Can you show me a continuous function $f \colon \mathbb{R}^n\to\mathbb{R}^m$ that satisfies $f(a+b)=f(a)+f(b)$ but is not linear?

We have that $$f(0)=f(0+0)=2f(0)\implies f(0)=0\\ f(x-x)=f(0)=f(x)+f(-x)=0\implies f(-x)=-f(x)\\ f(nx)=f(x+x+\dots+x)=f(x)+\dots+f(x)=nf(x)\quad \forall n \in \mathbb{N}$$ But $$ f(-nx)=-f(nx)=-nf(x) $$ So: $$ f(ax)=af(x) \quad \forall a \in \mathbb{Z} $$


Solution 1:

Nobody can, because a continuous function $f \colon \mathbb{R}^n\to\mathbb{R}^m$ satisfying $$ f(x+y)=f(x)+f(y) $$ for all $x,y\in\mathbb{R}^n$ is linear.

The proof is quite easy.

  1. $f(ax)=af(x)$ for all $a\in\mathbb{Z}$ and $x\in\mathbb{R}^n$
  2. $f(\frac{a}{b}x)=\frac{a}{b}f(x)$, for all $\frac{a}{b}\in\mathbb{Q}$ and all $x\in\mathbb{R}^n$

  3. $f(rx)=rf(x)$, for all $r\in\mathbb{R}$ and all $x\in\mathbb{R}^n$.
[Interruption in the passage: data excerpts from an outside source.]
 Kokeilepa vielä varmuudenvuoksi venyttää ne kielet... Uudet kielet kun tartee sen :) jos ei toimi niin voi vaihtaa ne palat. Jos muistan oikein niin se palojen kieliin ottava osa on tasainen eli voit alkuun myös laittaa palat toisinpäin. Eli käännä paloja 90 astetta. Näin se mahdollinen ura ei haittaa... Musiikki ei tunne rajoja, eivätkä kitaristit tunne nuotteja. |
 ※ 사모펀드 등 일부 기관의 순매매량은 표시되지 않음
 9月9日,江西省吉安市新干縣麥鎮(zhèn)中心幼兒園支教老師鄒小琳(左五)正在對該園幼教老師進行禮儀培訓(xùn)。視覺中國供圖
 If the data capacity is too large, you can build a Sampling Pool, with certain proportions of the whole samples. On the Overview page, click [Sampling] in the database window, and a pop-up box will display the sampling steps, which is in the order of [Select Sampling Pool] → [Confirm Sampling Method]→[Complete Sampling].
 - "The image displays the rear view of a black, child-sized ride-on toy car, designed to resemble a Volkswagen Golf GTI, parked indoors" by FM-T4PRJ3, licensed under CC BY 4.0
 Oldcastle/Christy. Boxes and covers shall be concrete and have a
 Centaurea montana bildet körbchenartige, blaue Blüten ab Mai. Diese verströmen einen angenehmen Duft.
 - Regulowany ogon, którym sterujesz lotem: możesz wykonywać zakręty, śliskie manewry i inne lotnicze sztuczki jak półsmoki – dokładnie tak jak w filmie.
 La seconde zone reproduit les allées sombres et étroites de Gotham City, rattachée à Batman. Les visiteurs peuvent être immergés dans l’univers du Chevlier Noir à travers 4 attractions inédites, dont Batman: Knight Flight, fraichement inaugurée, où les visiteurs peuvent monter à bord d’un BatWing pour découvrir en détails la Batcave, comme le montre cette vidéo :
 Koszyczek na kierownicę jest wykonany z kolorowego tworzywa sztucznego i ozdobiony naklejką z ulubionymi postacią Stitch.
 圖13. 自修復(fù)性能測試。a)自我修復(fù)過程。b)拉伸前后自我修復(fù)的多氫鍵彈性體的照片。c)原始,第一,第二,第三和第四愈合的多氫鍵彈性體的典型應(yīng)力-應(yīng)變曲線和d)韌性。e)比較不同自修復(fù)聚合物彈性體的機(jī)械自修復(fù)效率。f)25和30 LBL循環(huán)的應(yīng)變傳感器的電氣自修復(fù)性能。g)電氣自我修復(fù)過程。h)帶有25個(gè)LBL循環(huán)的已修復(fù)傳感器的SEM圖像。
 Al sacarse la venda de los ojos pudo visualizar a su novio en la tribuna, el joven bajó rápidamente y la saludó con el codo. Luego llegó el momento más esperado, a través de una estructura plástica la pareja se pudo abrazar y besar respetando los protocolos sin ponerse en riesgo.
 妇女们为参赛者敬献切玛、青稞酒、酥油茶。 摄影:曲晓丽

For the last step, if $r\in\mathbb{R}$, consider a sequence $q_k$ in $\mathbb{Q}$ converging to $r$. Then $q_kx$ is a sequence in $\mathbb{R}^n$ converging to $rx$ and $q_kf(x)$ is a sequence in $\mathbb{R}^m$ converging to $rf(x)$. By continuity of $f$, $$ f(rx)=f(\lim_{k\to\infty}q_kx)= \lim_{k\to\infty}f(q_kx)= \lim_{k\to\infty}q_kf(x)= rf(x) $$

Solution 2:

The general counterexample for a function satisfying $$ f(a+b)=f(a)+f(b) $$ but not being linear is to take a Hamel basis and acting with different linear maps on the elements of such a basis.